WINDBIRD::ライトノベルブログ

ライトノベルブログ

ライトノベル衰退論に対する雑感

ラノベの市場規模の話を突き詰めていくと「いったいどこまでをライトノベルと見なすか?」ということが問題になってくる。ラノベの市場規模を調べるのは難しい。なぜなら「ライトノベル」と見なされる範囲が変動するからである。ラノベの市場規模の発表をしているのは、主に「出版科学研究所の出版指標」と「ORICONエンタメ・マーケット白書」であるが、彼らが定める「ライトノベル」の基準は明らかにされていない。

たとえば「ライト文芸ライトノベルに含まれるか?」という問いは非常に繊細な政治的問題を孕んでいる。私自身は間違いなくライトノベルに含まれると思っているが、「ライト文芸ライトノベルではない」と考えている人も多い。おそらく市場規模の調査においても「ライト文芸」はライトノベルに含まれていない。というか含めると収拾がつかなくなるのだろう。イラスト付きの一般文芸などいまやありふれている。どこまでがライト文芸なのかを判断することは非常に難しい。

ライトノベルの市場規模には電子書籍の売上も含まれていない。漫画業界では、紙書籍の売上を電子書籍の売上が上回ったというが、はたしてラノベ業界ではどうなのか。もちろん売上の低下を電子書籍で補えているかどうかはわからない。「電子の売上なんて大したことない」という話も聞くし、「無視できない売上になっている」という話も聞く。だから「ラノベの売上は減少しているか」という問いには「わからない」と答えるしかない。

しばしば「いまでもラノベの刊行点数は増え続けている」ように勘違いされるが、直近数年の刊行点数はそれほど増えていない。2019年がピークで、2020年・2021年はおそらくコロナ禍のために減少、2022年はやや戻して2018年とほぼ同等になっている(ラノベの杜調べ)。さらに少年・少女向け文庫ラノベの刊行点数は顕著に減少している。

たとえば電撃文庫の刊行点数のピークは2012年である(これは「紙の文庫ラノベの売上」のピークとされる年でもある)。なぜ刊行点数が減少したかと言えば、おそらく同編集部が「メディアワークス文庫」からも新刊を出すようになったからだろう。さらに2019年には「電撃の新文芸」と呼ばれるWeb系大判ラノベレーベルも創刊している。他の編集部においても、いまや文庫ラノベと大判ラノベを同時に編集するのは普通のことである。つまりライトノベルは「少年少女向け文庫」の一本足打法から「ライト文芸」や「大判ラノベ」も含めた多角化経営を進めているのである。
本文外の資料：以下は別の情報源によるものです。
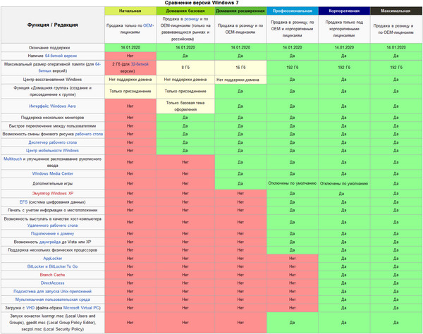 Сравнение редакций Windows 7 (для увеличения нажмите на картинку)
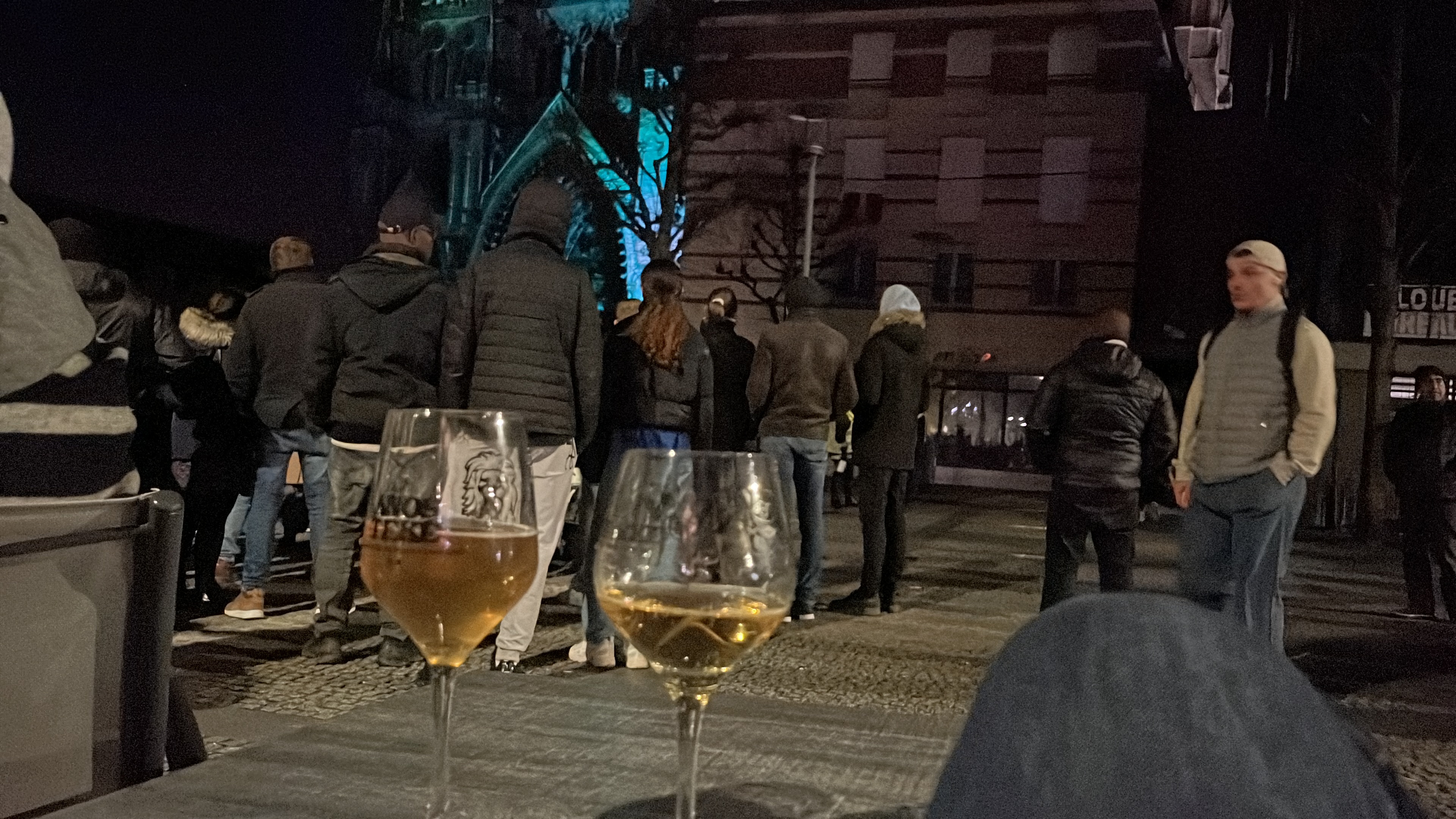 Personnel sympa Bières très bonnes Superbe emplacement pour le spectacle CHROMA, lumière sur la cathédrale
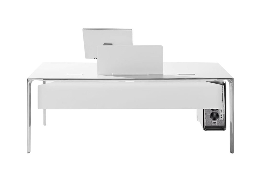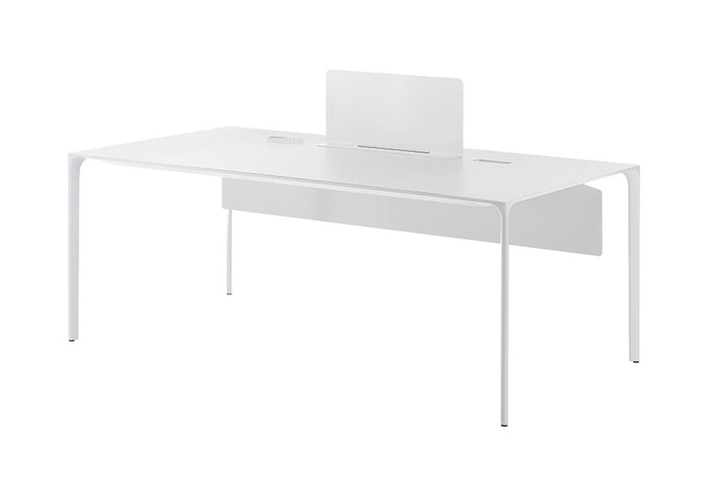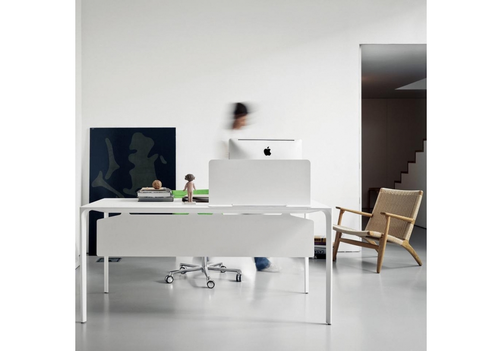 Nuur Office firmato da Simon Pengelly per Arper è un tavolo con piano rettangolare dotato di finestre passacavi e predisposto a ricevere gli accessori ufficio opzionali. E' disponibile un piano dattilo rettangolare collegabile ai modelli Nuur Office. Tutti i piani sono in laminato con struttura in alluminio verniciato.

追記。このくだりについて編集者の方から直接指摘が入ったので訂正します。電撃文庫の刊行点数の減少はメディアワークス文庫の創刊とは無関係だということだそうです。リプライを繋げてご解説いただいているのでリンク先に飛んでご確認ください。

追記終わり。

「若者のラノベ離れ」のような話もあるが、もともと読まれてねーだろと思う。私の学生時代にラノベを読んでいる同級生などほぼ皆無だった。もとよりニッチ市場なのだ。日本全国1億2千万人のうちたった1万人が新シリーズを買うかどうかでひーこら言っているような業界なのだ。周囲に読者がいなくて当たり前だ。私だってONE PIECEの今週の展開を語り合うがごとく友達と電撃文庫の新刊の話をしたかったよ。

いや個人的な怨念はさておいて。たとえば「なろう系を買っているのはオッサンだけ」とも言われるが、以前書いたようにWebサイトの「小説家になろう」には若い読者も多くいる。なろう系の大判ラノベを買うのがオッサンなのは、ひとえにそれが高価格だからである。若いラノベ読者が、Web小説だけで満足していたり、図書館で借りていたり、ブックオフで買っていたりすれば、その活動は市場規模には反映されない。その実態は明らかではない。
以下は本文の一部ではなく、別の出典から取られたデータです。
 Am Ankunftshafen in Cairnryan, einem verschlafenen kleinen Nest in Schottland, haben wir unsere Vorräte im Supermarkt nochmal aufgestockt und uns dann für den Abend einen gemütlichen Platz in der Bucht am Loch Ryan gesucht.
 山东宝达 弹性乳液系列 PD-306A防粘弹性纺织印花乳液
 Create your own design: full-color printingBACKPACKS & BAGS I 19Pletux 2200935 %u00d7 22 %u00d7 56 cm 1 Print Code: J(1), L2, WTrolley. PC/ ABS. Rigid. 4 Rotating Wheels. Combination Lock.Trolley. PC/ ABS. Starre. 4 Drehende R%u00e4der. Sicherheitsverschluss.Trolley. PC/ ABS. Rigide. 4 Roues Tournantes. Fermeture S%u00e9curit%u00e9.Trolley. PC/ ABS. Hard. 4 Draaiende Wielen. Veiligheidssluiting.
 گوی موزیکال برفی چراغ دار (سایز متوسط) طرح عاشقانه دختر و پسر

ラノベ論においては「どこまでをラノベとみなすか」で結論が180度変わってくることは珍しくない。高校生の人気ランキングに入っているライト文芸が「ライトノベルではない」として除外される。そして「ライトノベルは高校生に人気がない」と言われる。いやライト文芸ライトノベルだが、となる。「児童文庫は調子がいいのにラノベときたら」。いや児童文庫だってライトノベルだが、となる。
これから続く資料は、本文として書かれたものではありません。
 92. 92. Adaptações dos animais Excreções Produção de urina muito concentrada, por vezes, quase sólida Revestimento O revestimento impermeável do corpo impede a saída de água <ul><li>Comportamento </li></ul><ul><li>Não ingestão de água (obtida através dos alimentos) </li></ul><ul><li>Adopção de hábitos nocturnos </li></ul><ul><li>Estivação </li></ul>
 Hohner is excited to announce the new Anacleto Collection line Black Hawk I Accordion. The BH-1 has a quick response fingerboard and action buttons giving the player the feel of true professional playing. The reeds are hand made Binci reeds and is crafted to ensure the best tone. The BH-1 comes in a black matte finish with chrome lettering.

まあどっちでもいいのだ。要は出版社が赤字でなければいいのだ。私の好きな作品が刊行されていればいいのだ。仮に、万が一、電撃文庫富士見ファンタジア文庫が潰れて、出版科学研究所が「ライトノベル」と見なしていた領域が消滅したとしても、別のところでエンタメ小説は世に出続けるだろうし、私はそれを「ライトノベル」と呼び続けるだろう。なべて世はこともなしだ。